Gambaran ini semakin jelas ketika melihat berbagai rintangan yang dihadapi dalam proses produksi. Mulai dari keterbatasan dana, teknologi yang masih tertinggal, hingga kurangnya dukungan infrastruktur yang memadai. Esemka, yang seharusnya menjadi simbol kemandirian, justru terjebak dalam kerumitan birokrasi dan tantangan industri yang rumit. Banyak yang merasa bahwa proyek ini berjalan di tempat, tidak memberikan kontribusi nyata pada perkembangan sektor otomotif nasional.
Manufaktur mobil adalah industri yang kompleks dan membutuhkan investasi yang besar. Sayangnya, Esemka belum berhasil menarik minat investor untuk berkolaborasi. Beberapa pengamat menilai bahwa strategi pemasaran yang diterapkan kurang efektif dan belum mampu menjangkau pasar yang lebih luas. Dalam industri otomotif yang sangat kompetitif, kehadiran mobil nasional seharusnya bisa menawarkan sesuatu yang berbeda dan berkualitas agar dapat bersaing dengan merek-merek internasional.

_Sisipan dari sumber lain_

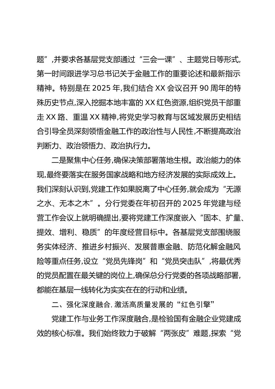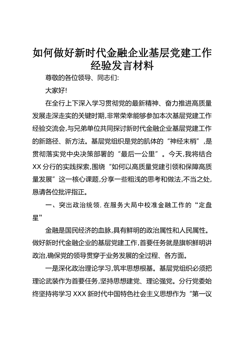 如何做好新時代金融企業(yè)基層黨建工作經(jīng)驗(yàn)發(fā)言材料尊敬的各位領(lǐng)導(dǎo)、同志們:大家好!在全行上下深入學(xué)習(xí)貫徹黨的最新精神、奮力推進(jìn)高質(zhì)量發(fā)展走深走實(shí)的關(guān)鍵時期,非常榮幸能夠參加本次基層黨建工作經(jīng)驗(yàn)交流會,與兄弟單位共同探討新時代金融企業(yè)基層黨建工作的新路徑、新方法?;鶎狱h組織是黨的肌體的“神經(jīng)末梢”,是貫徹落實(shí)黨中央決策部署的“最后一公里”。今天,我將結(jié)合XX分行的實(shí)踐探索,圍繞“如何以高質(zhì)量黨建引領(lǐng)和保障高質(zhì)量發(fā)展”這一核心課題,分享一些粗淺的思考和做法,不當(dāng)之處,懇請各位批評指正。一、突出政治統(tǒng)領(lǐng),在服務(wù)大局中校準(zhǔn)金融工作的“定盤星”金融是...

Di samping itu, ada pula isu ketersediaan suku cadang dan layanan purna jual yang menjadi perhatian masyarakat. Banyak yang khawatir jika Esemka mulai diproduksi secara massal, apakah akan ada cukup dukungan untuk pemilik mobil ini di kemudian hari? Ketidakpastian ini menambah keraguan terhadap keberlanjutan proyek Esemka sebagai mobil nasional yang berkualitas.